* [Problem description] The full listing is to be returned exactly as given, but without pictures.

* [Dataset content]
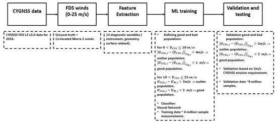 A block diagram representation of the quality control design process is shown in Figure 3. The first stage of the algorithm is feature extraction. The input to this stage is the Fully Developed Seas (FDS) winds over a reference wind speed region of 0–25 m/s. The CYGNSS Level 2 wind retrievals are of two kinds—the FDS and Young Seas Limited Fetch (YSLF) winds. The FDS winds are low to moderate winds (up to 25 m/s) over fully developed waves in the ocean. This forms the major proportion of the total measurements. The YSLF winds are hurricane force winds measured over the tropical cyclones that have varying wave age and fetch conditions. The filter proposed in this work is developed specifically for FDS winds as this dataset encompasses the majority of the measurements and have a well behaved nature relative to its counterpart. The feature extraction stage extracts the different diagnostic variables listed in Table 1 for every sample point. Next is the training stage. One Neural Network (NN) classifier is trained for each of the wind speed space over the individual training datasets described above. The last stage is the validation and testing stage where the skill of the filter is assessed. The performance assessment of this Neural Network filter is discussed in detail in Section 4.
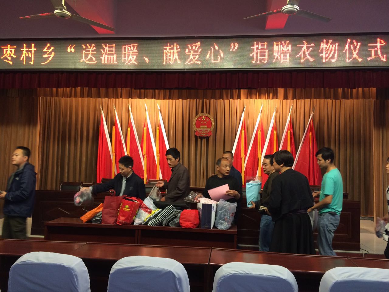 5月3日上午,枣村乡组织全体机关干部职工举行“送温暖、献爱心”捐赠衣物仪式。该乡干部职工纷纷慷慨解囊,将干净、整洁的衣服捐献给贫困群众。
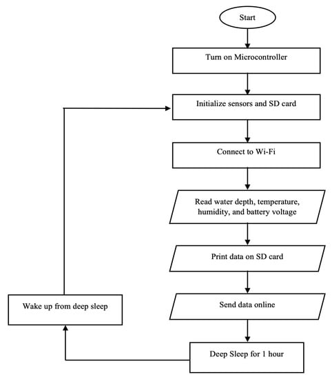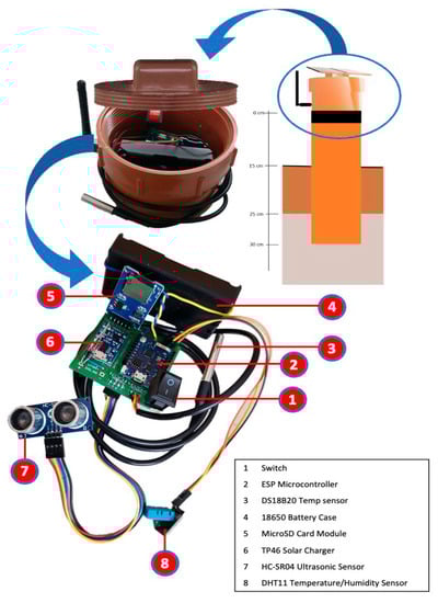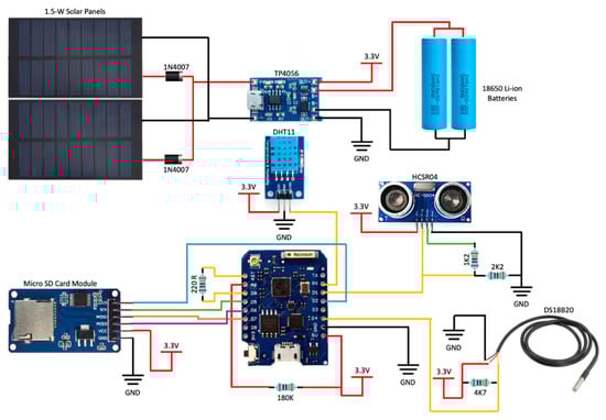 The sensor unit was enclosed in a 4″-diameter PVC cap that was mounted on top of a 4″-diameter AWD pipe. The low-cost sensor is composed mainly of four sensor modules: HC-SR04 ultrasonic distance sensor, DS18B20 waterproof temperature sensor, DHT11 temperature/humidity sensor, and the microSD card adapter module. Data from the sensor modules are integrated by the ESP8266 microcontroller which sends data to the online database through Wi-Fi. The sensor unit was also equipped with two Li ion batteries, a solar charger, and two mini solar panels. Figure 1 shows the connection of the sensor circuitry.
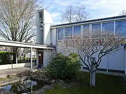 Der Eingang zum Kirchsaal befindet sich zwischen den zwei Wandscheiben des Glockenturms aus Sichtbeton. Sie reichen an einer Ecke des Kirchenschiffs bis in die Höhe seines Flachdachs. Auf ihnen steht eine offene Glockenstube aus trapezförmigen Wandscheiben, bedeckt mit einem Satteldach, ebenfalls aus Sichtbeton. Dort hängt eine Bronzeglocke, die 1961 von Petit & Gebr. Edelbrock gegossen wurde. Sie hat eine Höhe von 79 cm, einen Durchmesser von 98 cm und eine Krone von 15 cm. Ihr Schlagton ist gis′.

* [Your solution]
 A block diagram representation of the quality control design process is shown in Figure 3. The first stage of the algorithm is feature extraction. The input to this stage is the Fully Developed Seas (FDS) winds over a reference wind speed region of 0–25 m/s. The CYGNSS Level 2 wind retrievals are of two kinds—the FDS and Young Seas Limited Fetch (YSLF) winds. The FDS winds are low to moderate winds (up to 25 m/s) over fully developed waves in the ocean. This forms the major proportion of the total measurements. The YSLF winds are hurricane force winds measured over the tropical cyclones that have varying wave age and fetch conditions. The filter proposed in this work is developed specifically for FDS winds as this dataset encompasses the majority of the measurements and have a well behaved nature relative to its counterpart. The feature extraction stage extracts the different diagnostic variables listed in Table 1 for every sample point. Next is the training stage. One Neural Network (NN) classifier is trained for each of the wind speed space over the individual training datasets described above. The last stage is the validation and testing stage where the skill of the filter is assessed. The performance assessment of this Neural Network filter is discussed in detail in Section 4.
 5月3日上午,枣村乡组织全体机关干部职工举行“送温暖、献爱心”捐赠衣物仪式。该乡干部职工纷纷慷慨解囊,将干净、整洁的衣服捐献给贫困群众。
 The sensor unit was enclosed in a 4″-diameter PVC cap that was mounted on top of a 4″-diameter AWD pipe. The low-cost sensor is composed mainly of four sensor modules: HC-SR04 ultrasonic distance sensor, DS18B20 waterproof temperature sensor, DHT11 temperature/humidity sensor, and the microSD card adapter module. Data from the sensor modules are integrated by the ESP8266 microcontroller which sends data to the online database through Wi-Fi. The sensor unit was also equipped with two Li ion batteries, a solar charger, and two mini solar panels. Figure 1 shows the connection of the sensor circuitry.
 Der Eingang zum Kirchsaal befindet sich zwischen den zwei Wandscheiben des Glockenturms aus Sichtbeton. Sie reichen an einer Ecke des Kirchenschiffs bis in die Höhe seines Flachdachs. Auf ihnen steht eine offene Glockenstube aus trapezförmigen Wandscheiben, bedeckt mit einem Satteldach, ebenfalls aus Sichtbeton. Dort hängt eine Bronzeglocke, die 1961 von Petit & Gebr. Edelbrock gegossen wurde. Sie hat eine Höhe von 79 cm, einen Durchmesser von 98 cm und eine Krone von 15 cm. Ihr Schlagton ist gis′.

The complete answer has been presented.